Gender equality in the geosciences: is it a numbers game?

Gender equality in the geosciences: is it a numbers game?

Here’s a tricky question for you. Try and name a woman in geoscience who has won an award for their studies in the last 5 years? How about a man? Chances are it is much easier to think of a male geoscientist who has won an award than a female one, but is that because more men win awards in geoscience than women (compared to the number of male and female geoscientists)?

This was the question that was raised at an innovative session co-organised by the European Research Council on ‘Promoting and supporting equality of opportunities in geosciences’, at the European Geosciences Union’s General Assembly in April this year. The session focused on gender based equality, and addressed the experiences of women from subject-based, institutional, national, and organisational levels. As well as the individual experiences described in the session, questions were also asked more broadly of the role of large organisations such as the publishing houses (including Nature and Science), the European Research Council and EGU – with a particular focus on recognition and awards.
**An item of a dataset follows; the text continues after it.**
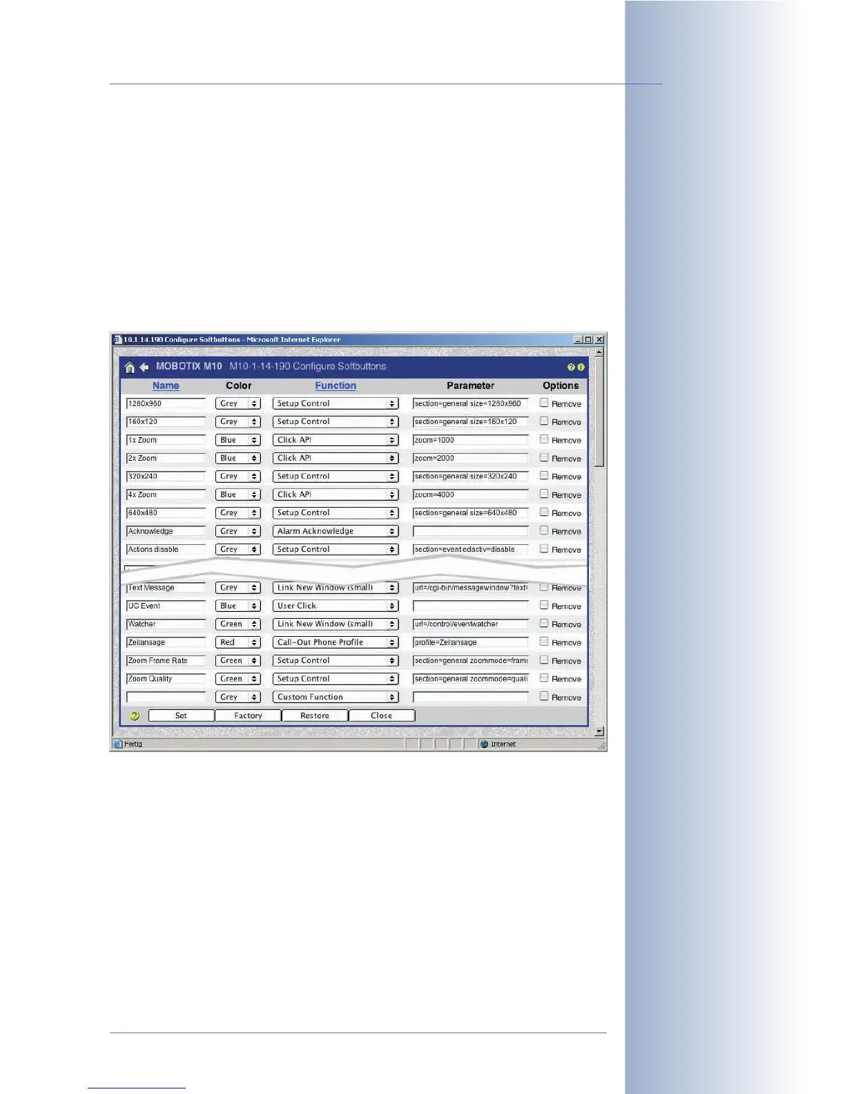 In order to delete certain softbutton definitions, activate the Remove check box and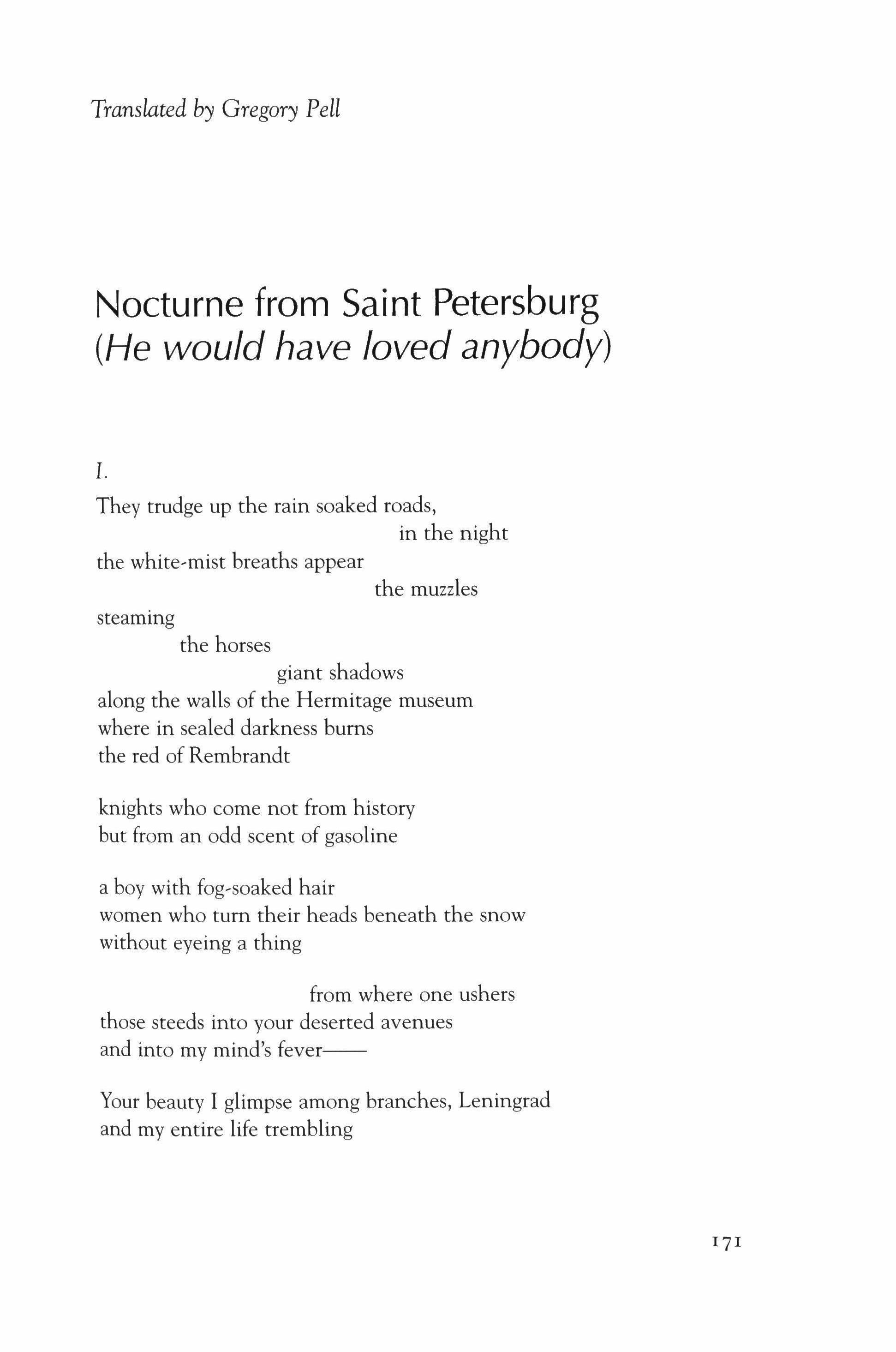 the auroral breath, which sweeps through the best of mornings, ran out on mebut that instant of a long-accepted death didn't fail -a vein of hesitation climbing interludes-lightning-quick and i lived the remote nothing-millennial harp which turned me into sound, light, and tenuous immortal abstractionthus came the dawn -a small deed, easy for god and for posterity

Awards are not only useful for career progression for early career scientists (ECS), but also raise the profile of the researchers gaining them, who act as role models for junior staff and students. If women are missing out on awards that could not only impact negatively on the career prospects of those individuals, but also reflect a bigger issue in how women in geoscience are rewarded (or not) for their work.

The EGU has a unique insight into the question of gender equality in the geosciences as it has some data from its members, but also presents several of our discipline’s most prestigious awards and medals, to both advanced and early careers scientists. Alberto Montanari, the outgoing Chair of the EGU Awards Committee, presented the results of an investigation into the balance of male and female award winners.

First, some numbers. Every year the European Geosciences Union awards dozens of prizes to some of the world’s leading geoscientists. These prizes cover Union Medals and Awards, Division Medals, and Division Outstanding Early Career Scientists Awards (previously known as the Division Outstanding Young Scientists Award) . All award or medal nominees must be members of EGU to be eligible. The 2016 awards received 155 nominations, of which 16% were for female scientists. Of the total 49 prizes given this year eight were for female scientists (three of those were for early careers scientists). What is also important to note is the total number of EGU members divided by gender. In 2015, 69% of members were male and 31% were female, with the difference between male and female member proportions more pronounced for early careers scientists.

How visible are women in geoscience? (Mapping the Algerian shoreline credit: Filippo Dallosso, distributed via imaggeo.egu.eu)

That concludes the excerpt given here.